[DATA PROVIDED]

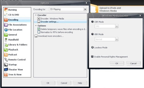 Select as the Encoder Windows Media and the Settings as Lossless Mode as displayed above.
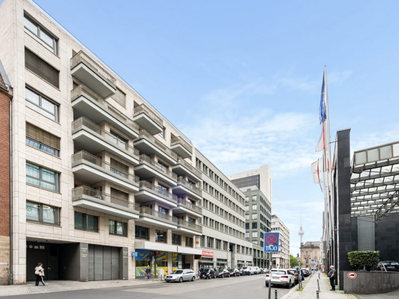 The property is located in the government district, opposite the Maritim Hotel. Important government institutions, ministries and associations are located in the neighborhood. The Friedrichstraße train station is within walking distance.
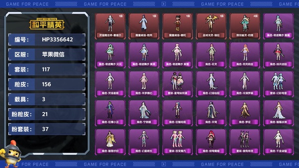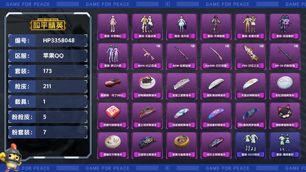 【区服】苹果QQ【等级】Lv.54【段位】坚韧铂金Ⅲ【历史总热力值】41617【时装总数】340【套装数量】86【红粉套装数量】4【枪械数量】137【红粉枪械数量】7【载具数量】1【战备数量】9...
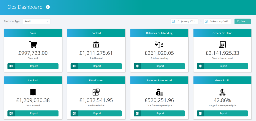 Revenue Recognised on the Ops Dashboard, we’ve removed ‘Costs’. This figure is driven from the Completed Contract Report (which in turn is using the revenue recognition date).
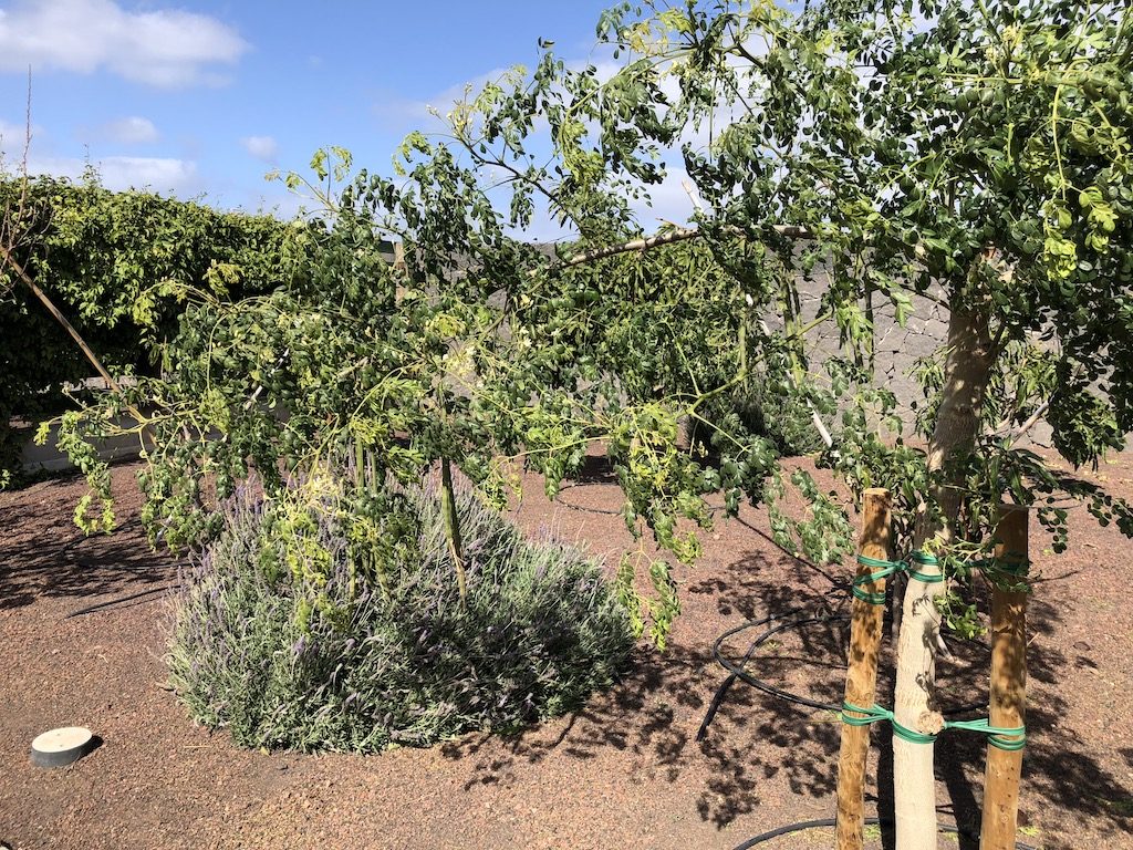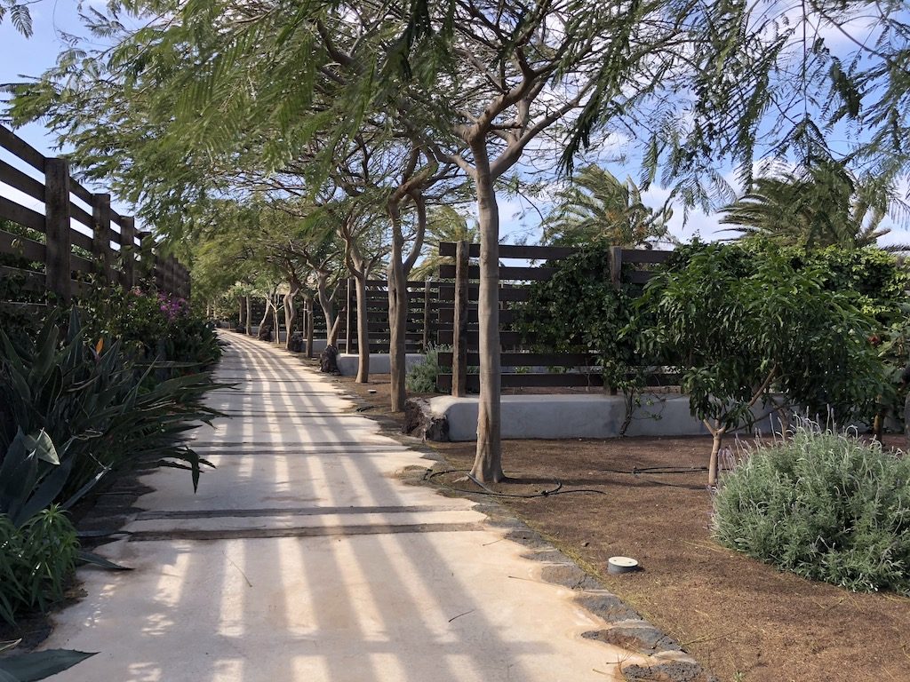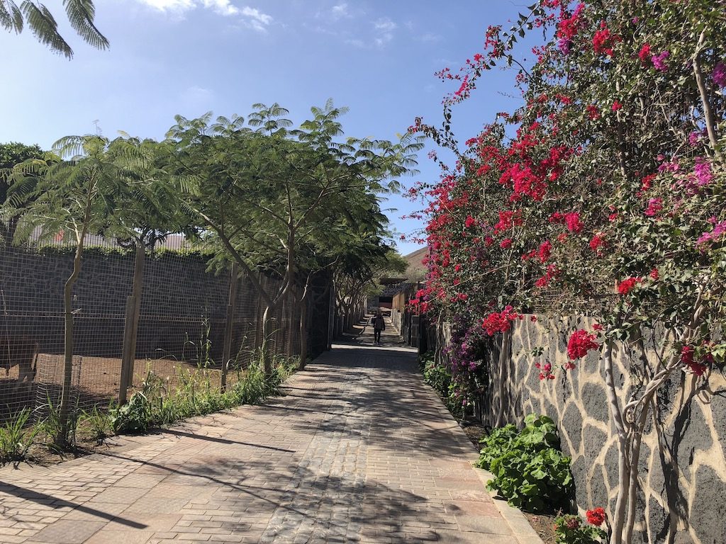 We follow the footpath past an abundance of fruit trees, sheltered from the wind by volcanic walls, wooden fencing and flamboya trees, which must look absolutely stunning when covered with their vibrant red blossom.
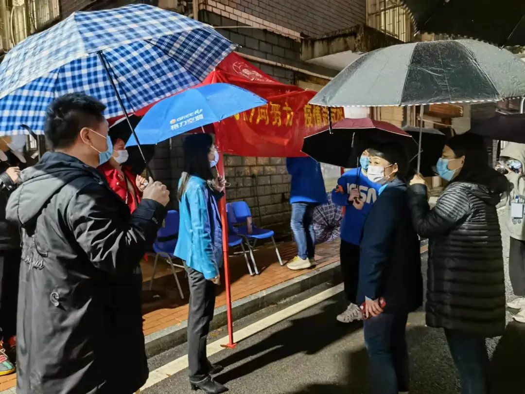 微雨蒙蒙,蒋董事长一行来到西侧马路,看望坚守岗位的志愿者,对同学们的工作表示高度肯定,提醒大家及时添衣保暖,保护好自身健康,才可以才能够为防疫做更多的贡献!

[/DATA PROVIDED]

» **TASK BRIEF**: Type the entries above out again exactly, with no pictures.

» **RESPONSE TO THE TASK**:
 Select as the Encoder Windows Media and the Settings as Lossless Mode as displayed above.
 The property is located in the government district, opposite the Maritim Hotel. Important government institutions, ministries and associations are located in the neighborhood. The Friedrichstraße train station is within walking distance.
 【区服】苹果QQ【等级】Lv.54【段位】坚韧铂金Ⅲ【历史总热力值】41617【时装总数】340【套装数量】86【红粉套装数量】4【枪械数量】137【红粉枪械数量】7【载具数量】1【战备数量】9...
 Revenue Recognised on the Ops Dashboard, we’ve removed ‘Costs’. This figure is driven from the Completed Contract Report (which in turn is using the revenue recognition date).
 We follow the footpath past an abundance of fruit trees, sheltered from the wind by volcanic walls, wooden fencing and flamboya trees, which must look absolutely stunning when covered with their vibrant red blossom.
 微雨蒙蒙,蒋董事长一行来到西侧马路,看望坚守岗位的志愿者,对同学们的工作表示高度肯定,提醒大家及时添衣保暖,保护好自身健康,才可以才能够为防疫做更多的贡献!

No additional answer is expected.